Task — Please write out the lines of the data exactly, beginning with the first and ending with the line containing "Rhinestone Embellished Metal"; leave the pictures behind.

#### Material for the task ####

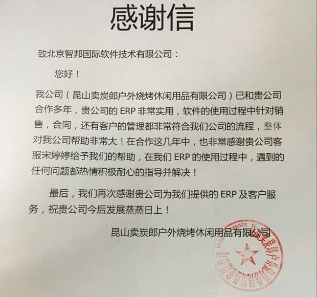 昨天的业绩意味着今天的信心,预示着明天更广阔的前景。从2013年应用智邦国际进销存系统至今,江苏昆山卖炭郎户外烧烤休闲用品有限公司不断将最新功能应用于日常管理和提升效率,使管理水平和综合实力稳步提升,相信在智邦国际进销存系统的协助下,定能在管理上与时俱进,在品质上精益求精,不断整合优质资源为客户创造价值,在国际化发展中越来越顺利。
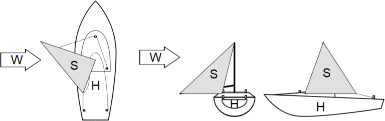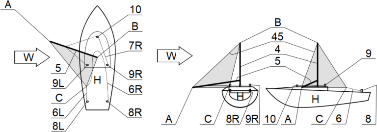 • a mast (4) and boom (5), installed on the ship’s hull (H)
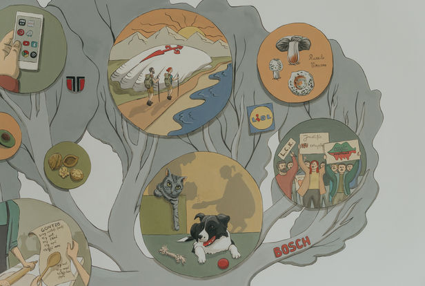 Roxi și Mihai au vrut să își noteze (vizual) câteva dintre lucrurile care îi fac pe ei să fie cine sunt acum. Au vrut să păstreze într-un loc central din casa lor o ilustrare a trecutului lor împreună. Apoi și-au dorit să fie un design care să permită adăugiri, pe măsură ce se adună alte momente importante. Așa am ajuns la copacul cu baloane de săpun pe post de ferestre spre diferite amintiri definitorii pentru ei.
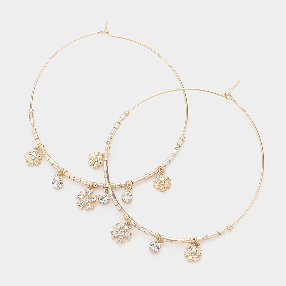 Rhinestone Embellished Metal Flower Beaded Open Circle Earrings
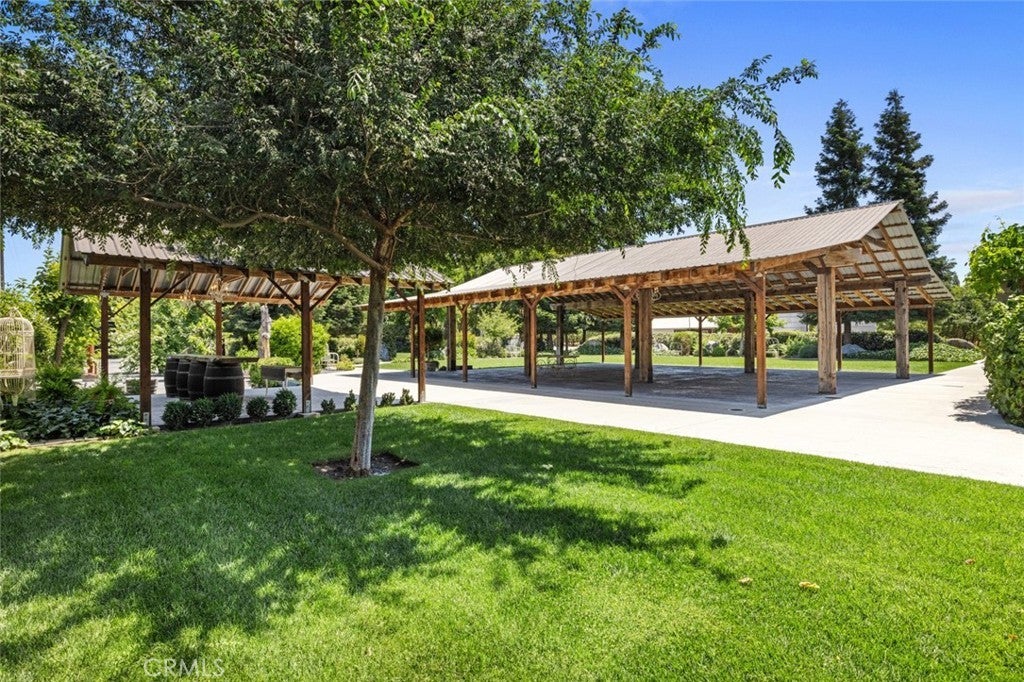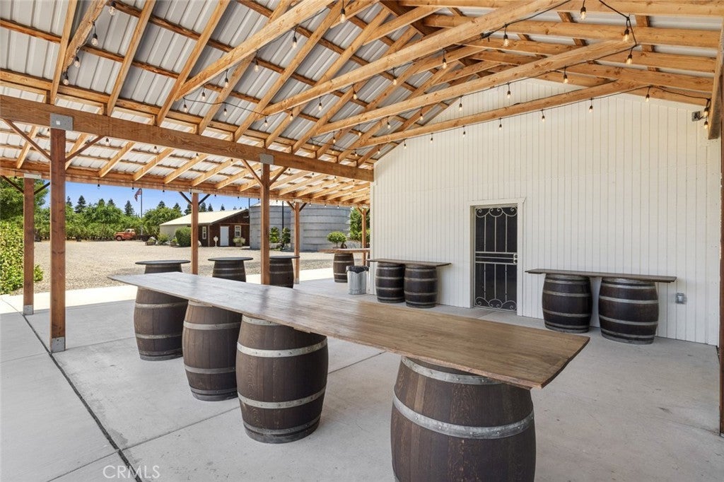 More than just a home, this 9.99-acre estate is a one-of-a-kind sanctuary, lovingly crafted for elegance, utility, and unforgettable moments. Designed with intention, this single-story farmhouse blends modern convenience with timeless charm - featuring vaulted ceilings, restored vintage appliances, wood-look tile and hardwood flooring, custom barn doors, and a spa-worthy primary suite complete with clawfoot tub, walk-in shower, and peaceful views. Step out to your private oasis: a custom fenced pool, lounge area beside a pond and evergreen trees, and an outdoor bathroom/storage built from reclaimed wood. Concrete paths lead to the show-stopping event pavilion - framed by 12x12 rustic beams, draped in string lights and chandeliers, and centered around a stained/stamped concrete slab with built-in fireplace. Ideal for weddings, reunions, and entertaining on any scale. Nearby, enjoy a wine-barrel bridal pavilion, a full-service food/drink building, and a detached bridal suite studio with makeup stations, living space, and private bathroom. Two giant silos have been transformed into beautifully appointed his & hers restrooms. Beyond the pavilion, a manicured ceremony lawn with white pergola, fountains, and a vintage windmill offers the perfect backdrop for life’s biggest moments. With 6.5 acres of peak-producing Independent almonds on OID microdrip irrigation, this working estate is as functional as it is beautiful. Years of design, labor, and love have gone into creating something truly special - and now it’s ready for its next chapter. Welcome Home!!!

####

Finished exercise —
 昨天的业绩意味着今天的信心,预示着明天更广阔的前景。从2013年应用智邦国际进销存系统至今,江苏昆山卖炭郎户外烧烤休闲用品有限公司不断将最新功能应用于日常管理和提升效率,使管理水平和综合实力稳步提升,相信在智邦国际进销存系统的协助下,定能在管理上与时俱进,在品质上精益求精,不断整合优质资源为客户创造价值,在国际化发展中越来越顺利。
 • a mast (4) and boom (5), installed on the ship’s hull (H)
 Roxi și Mihai au vrut să își noteze (vizual) câteva dintre lucrurile care îi fac pe ei să fie cine sunt acum. Au vrut să păstreze într-un loc central din casa lor o ilustrare a trecutului lor împreună. Apoi și-au dorit să fie un design care să permită adăugiri, pe măsură ce se adună alte momente importante. Așa am ajuns la copacul cu baloane de săpun pe post de ferestre spre diferite amintiri definitorii pentru ei.
 Rhinestone Embellished Metal Flower Beaded Open Circle Earrings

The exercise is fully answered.